You'd be confusing people if you only accepted the 'can be represented
as structured text' as a document.

> One of the goals of Zope3 is to make it easier for you to have
> your own component classes (like ZClasses should have done for
> Zope2, only better).

Sure, but I think documents are of such a central importance we shouldn't
forget the myriads of use cases right away from the start and focus on
structured text..

> > (try searching for, say, persons, if you have no way to indicate what a 
> > person is in your underlying representation. Or think of advanced 
> > hyperlinking) 
> 
> A "Person" is not a "Document".

A person can occur inside a document. Like such:

<header>Chapter Foo, the Marking Up</header>
   
<p>Hello, this is a nice paragraph containing some text. 
<person>Martijn</person> is a person.</p>

..

It depends on what the problem domain finds important. Perhaps I'm interested
in dates in a document, for instance, so I can find stuff again. Perhaps
I have part numbers in my documents, so I can create hyperlinks to
my parts database.

I'm claiming that those are important use cases; I don't agree italic
and bold (say) is sufficient markup for anything you can call a 'document'.

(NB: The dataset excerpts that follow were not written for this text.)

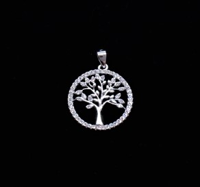 Sterling silver pendant pave cubic zirconia tree of life in pave circle SS-PT-200-024
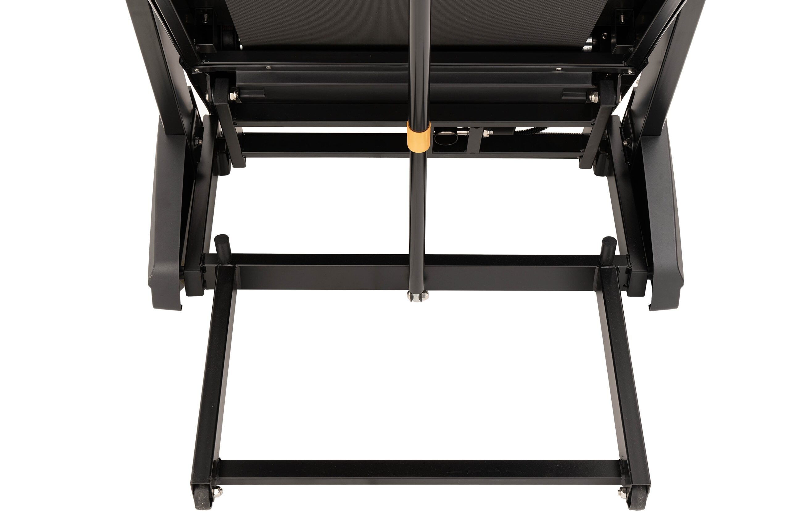 Una volta terminato l’allenamento, il sistema di chiusura permette di ridurre l’ingombro e spostare l’attrezzo facilmente grazie alle ruote di trasporto integrate.
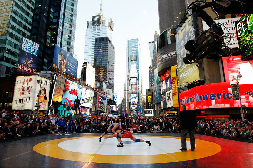 スポーツ スポーツ その他 こぼれ話 NYのど真ん中で米露対決!タイムズスクエアでレスリング 2011年5月6日 14:00 発信地:ニューヨーク/米国 [ 北米 米国 ] このニュースをシェア ‹ › ❮ 1/9 ❯ 米ニューヨーク(%%New York%%)のタイムズスクエア(%%Times Square%%)で5日、『ビート・ザ・ストリート(Beat The Street)』と銘打たれたレスリングのイベントが行われ、米国チームとロシアチームがフリースタイルレスリングで技を競った。写真は観客が見守る中試合を行う選手(2011年5月5日撮影)。(c)AFP/Getty Images/Mike Stobe 画像作成中 ! 【5月6日 AFP】米ニューヨーク(New York)のタイムズスクエア(Times Square)で5日、『ビート・ザ・ストリート(Beat The Street)』と銘打たれたレスリングのイベントが行われ、米国チームとロシアチームがフリースタイルレスリングで技を競った。(c)AFP スポーツ その他 一覧へ> メディア・報道関係・法人の方向け 写真・動画 購入のお問合せ>
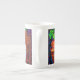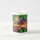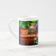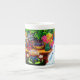 Bone China Mug featuring Louis Wain’s animal painting Master of Cat College (1860-1939). A thoughtful white cat with striking blue eyes sits ponderously next to a vibrant assortment of beautiful flowers. The majestic cat college looms in the background underneath a pink and blue sky. A wonderful gift for cat lovers and English art.
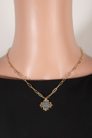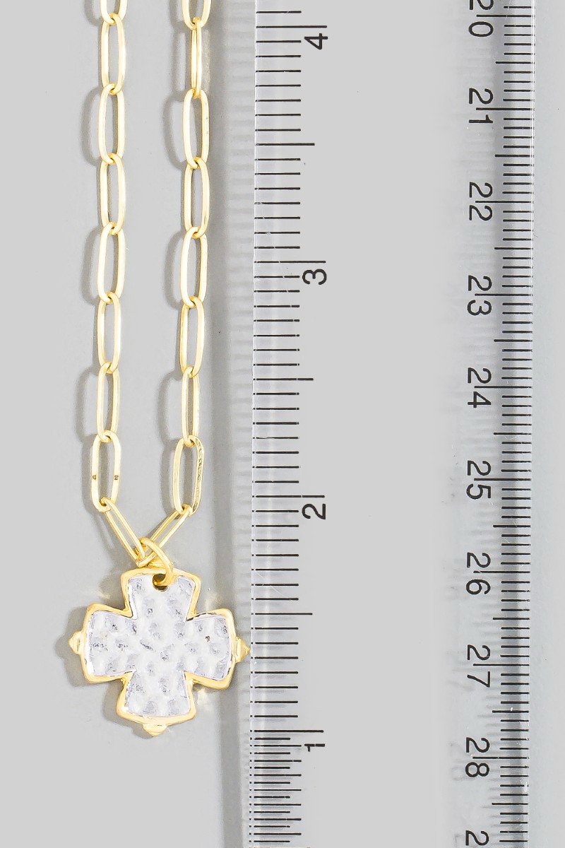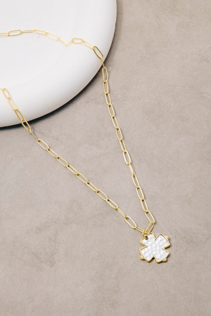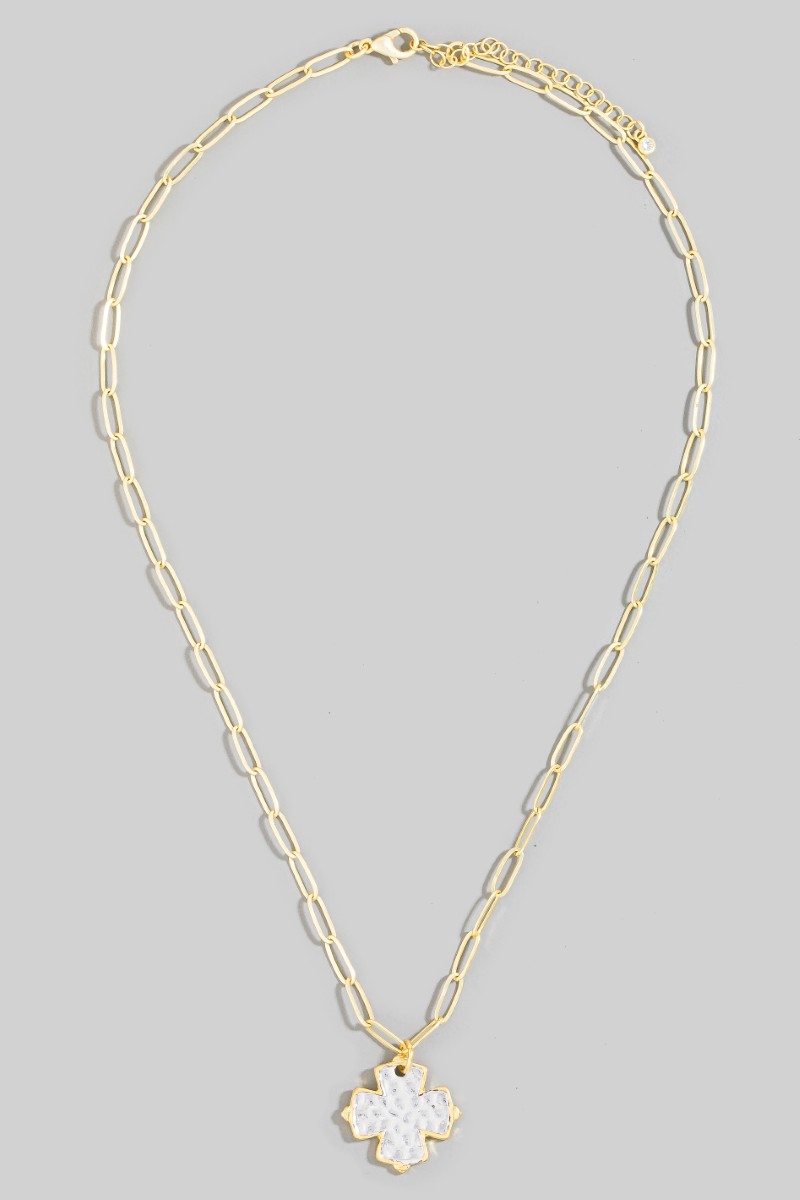 - This necklace brings a unique gold dipped hammered two tone clover pendant style. Unveil a new dimension of sophistication as this necklace effortlessly enhances the elegance of your ensemble.

> > > Most situations where this is not OK are really mixing content
> > > and presentation.
> > 
> > That is in my opinion not correct. In many cases you deal with types of
> > documents that have domain-specific requirements, and this has nothing to 
> > do with mixing content and presentation. For instance, currently I'm
> > dealing with various university publications, but also with summaries of the
> > Dutch republic's State General meetings in 1625, and am also looking into
> > biographical descriptions. 
> 
> And what is the problem? Do they *require* more complex markup?
> Or do they just have some of their own metadata?

They require markup, so as not to lose information. I want to be able to
click on a historical person and get their biography, or something like
that. The university publications need references to subcontent, as the
publications can get quite complicated (also there's indexing to 
consider; you need to be able to markup indexable words). Biographical
descriptions tend to contain dates, and I want to look for dates of
birth and so on.

> I think a very complex Document component leads to abuse. This
> simple "Document" component should *NOT*, I repeat, be used for
> things that should instead be their own component classes.

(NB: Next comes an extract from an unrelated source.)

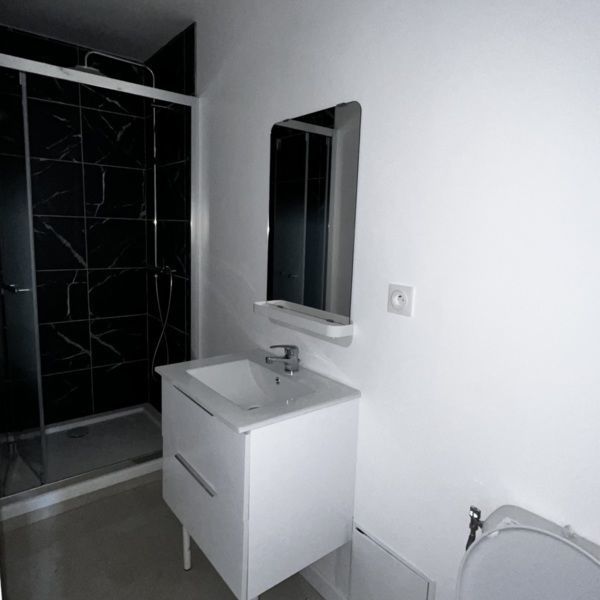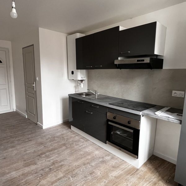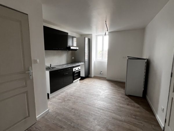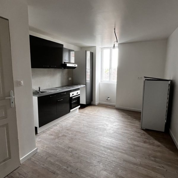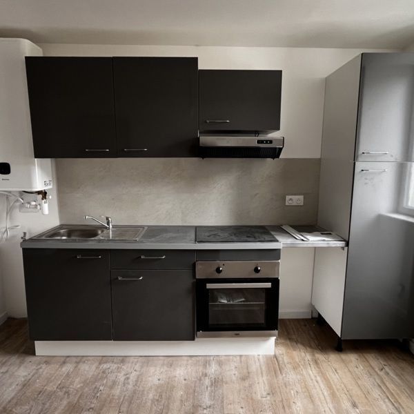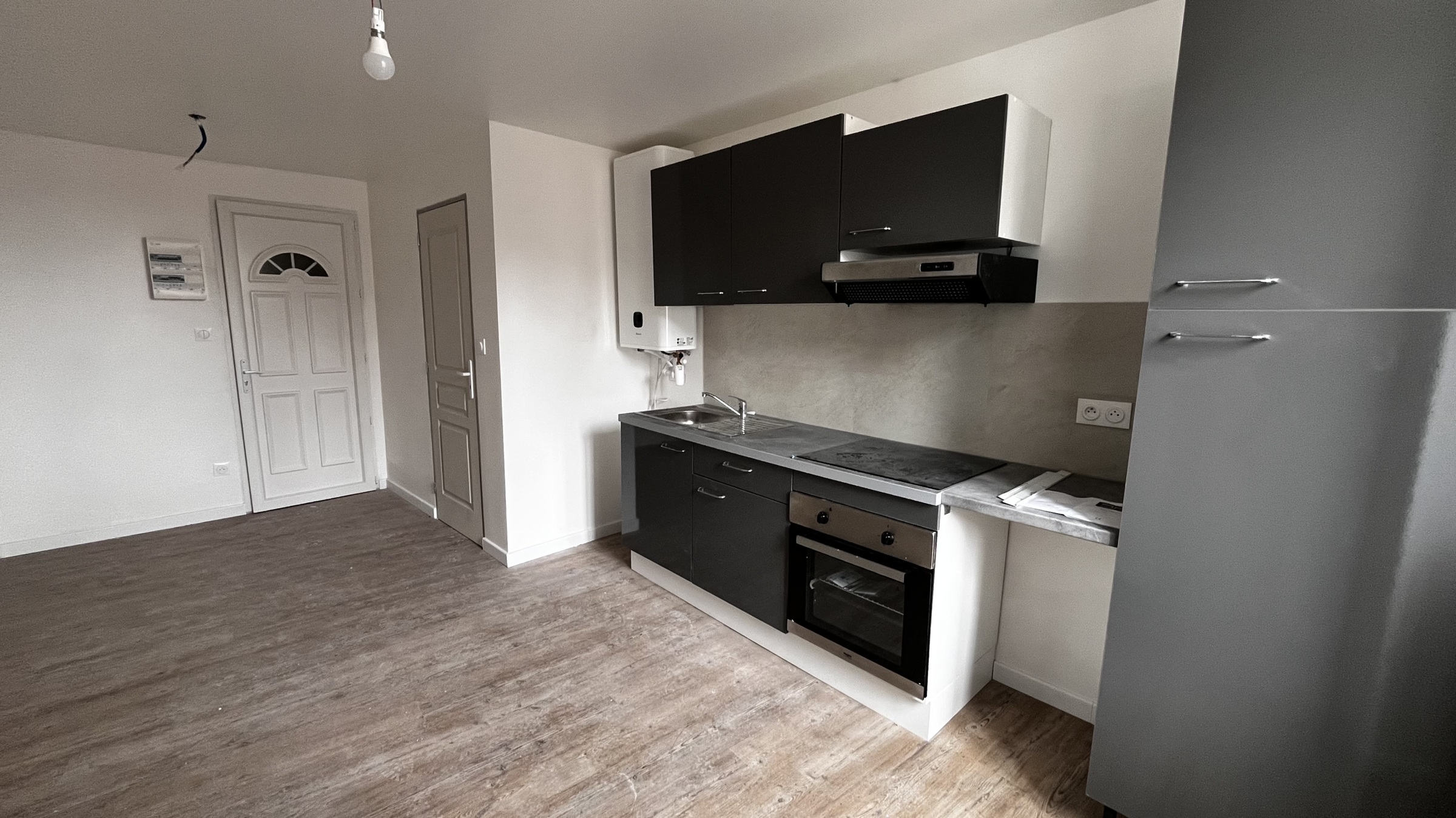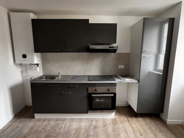 Entrée sur séjour avec coin cuisine meublée et équipée (hotte + plaque cuisson + four + frigo) - salle d'eau avec WC - chambre de 7m2

That's why I'm advocating a document *framework*. Many documents need
the same metadata. Many documents can share some interfaces ('present
me as HTML', for instance, or 'show my management screen'). By focusing
on one type of document too soon we'd lose all the benefits of developing
a framework, which is what Zope 3 should be about; it should be a framework
for constructing frameworks.

Obviously you have different requirements than I do, but that doesn't
mean my requirements are invalid or that you wouldn't benefit if some
of these requirements were implemented. :)

> > I agree that for a lot of documents a fairly simple representation such 
> > as StructuredText is enough. But I also believe that trying to fit
> > *everything* into one single representation wouldn't work at all.
> 
> Not everything. Just everything that is simple enough.
> 
> > Why not build a toolset to work with different types of representation?
> 
> Because (re)presentation is outside the document domain.

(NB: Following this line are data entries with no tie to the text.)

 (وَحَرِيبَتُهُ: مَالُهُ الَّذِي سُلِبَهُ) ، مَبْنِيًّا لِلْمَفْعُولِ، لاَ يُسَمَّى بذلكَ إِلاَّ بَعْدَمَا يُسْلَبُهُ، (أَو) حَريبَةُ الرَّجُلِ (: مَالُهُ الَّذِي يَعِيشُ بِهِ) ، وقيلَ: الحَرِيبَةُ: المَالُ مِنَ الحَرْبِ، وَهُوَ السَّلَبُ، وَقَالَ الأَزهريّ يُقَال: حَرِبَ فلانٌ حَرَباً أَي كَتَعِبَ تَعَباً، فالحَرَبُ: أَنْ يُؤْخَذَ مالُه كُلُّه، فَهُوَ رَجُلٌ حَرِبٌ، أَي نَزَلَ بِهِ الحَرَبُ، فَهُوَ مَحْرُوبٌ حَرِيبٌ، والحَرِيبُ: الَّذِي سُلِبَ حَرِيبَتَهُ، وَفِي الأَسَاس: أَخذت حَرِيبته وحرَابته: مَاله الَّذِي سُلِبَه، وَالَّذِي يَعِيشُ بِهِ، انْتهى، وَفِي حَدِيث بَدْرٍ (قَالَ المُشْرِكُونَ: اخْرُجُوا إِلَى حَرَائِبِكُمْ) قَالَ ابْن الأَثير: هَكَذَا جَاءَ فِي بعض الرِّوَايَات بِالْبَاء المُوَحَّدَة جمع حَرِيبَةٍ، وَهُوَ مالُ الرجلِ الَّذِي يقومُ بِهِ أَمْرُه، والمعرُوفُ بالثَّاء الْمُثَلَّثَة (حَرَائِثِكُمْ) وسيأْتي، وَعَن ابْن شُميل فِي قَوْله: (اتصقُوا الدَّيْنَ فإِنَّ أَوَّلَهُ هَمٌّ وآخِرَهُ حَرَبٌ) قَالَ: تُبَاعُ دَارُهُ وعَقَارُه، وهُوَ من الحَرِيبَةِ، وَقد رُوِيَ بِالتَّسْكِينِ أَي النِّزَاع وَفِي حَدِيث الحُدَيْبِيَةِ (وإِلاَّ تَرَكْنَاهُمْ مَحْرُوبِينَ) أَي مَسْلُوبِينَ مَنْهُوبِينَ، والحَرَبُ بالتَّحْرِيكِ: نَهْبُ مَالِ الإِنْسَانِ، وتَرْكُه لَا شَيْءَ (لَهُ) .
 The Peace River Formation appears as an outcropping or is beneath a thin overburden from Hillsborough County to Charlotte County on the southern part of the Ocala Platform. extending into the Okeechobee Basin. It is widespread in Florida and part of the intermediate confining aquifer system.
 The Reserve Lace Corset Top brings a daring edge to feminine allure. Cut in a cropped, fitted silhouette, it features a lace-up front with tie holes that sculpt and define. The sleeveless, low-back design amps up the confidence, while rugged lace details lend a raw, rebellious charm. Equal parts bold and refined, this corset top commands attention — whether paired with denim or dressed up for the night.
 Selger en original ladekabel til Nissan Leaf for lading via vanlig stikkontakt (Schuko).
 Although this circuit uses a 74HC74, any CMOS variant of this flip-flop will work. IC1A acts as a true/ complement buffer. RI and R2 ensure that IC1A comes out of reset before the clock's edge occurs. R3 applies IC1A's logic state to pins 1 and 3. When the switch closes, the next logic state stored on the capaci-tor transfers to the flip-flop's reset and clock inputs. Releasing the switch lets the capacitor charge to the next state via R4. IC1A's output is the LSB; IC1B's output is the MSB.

*representation* is not outside the document domain at all! Presentation
may be, but that's an entirely different concept.

A document contains textual content that is generally read by humans. A
document can however also be processed by computers, which is why we
put them inside a machine in the first place. By having a good
computer-accessible representation of your document content you can
improve things like annotation, linking and searching abilities; you
can probably also increase the ways in which you present the document to
users.

Documents are also generally written and edited by humans. Documents are
commonly published, and therefore need a review procedure. Generally 
documents have some common metadata as well. Documents do not necessarily
have the same internal representation, however.

Why not capture the commonalities in a framework? It doesn't have to be
perfect and extensible the first time around, but I suggest we at least
try. :)

> > good enough for many purposes, but at least nobody would be forced to
> > work around it (or with it while they shouldn't as their content model is
> > too different).
> 
> I'm not proposing a single component that will from now on be
> used for all Zope3 content. By all means. Content components are
> even their own category and treated with special care in the
> documentation. I *WANT* people to develop hundreds of these
> classes.
> 
> So, what is the purpose and place of a generic "Document"
> component in this world?
> 
> The way I see it, a component for data that is too simple, or
> a temporary holder for data you're beginning to work with - you
> store your meeting summaries in a Folderful of Documents, then
> you work with them for some days and gather notes on the
> requiremens for their own class - and then you go and develop
> that class.
> 
> Perhaps Document could even have some facility to convert itself
> to some other class?

Well, rename Document to StructuredTextDocument (or whatever is decided
it can contain) and have it share an interface IDocument with all Documents,
and I'd be happier. We could offer a PlainTextDocument and even a HTMLDocument
as well (even though I'd generally not use the latter for anything serious).

> [verging off-topic]
> 
> Also, don't understimate StructuredText. StxNG is more
> "structured" than "text" and can hold up pretty much anything -
> it's almost a "very very very light, human-readable XML".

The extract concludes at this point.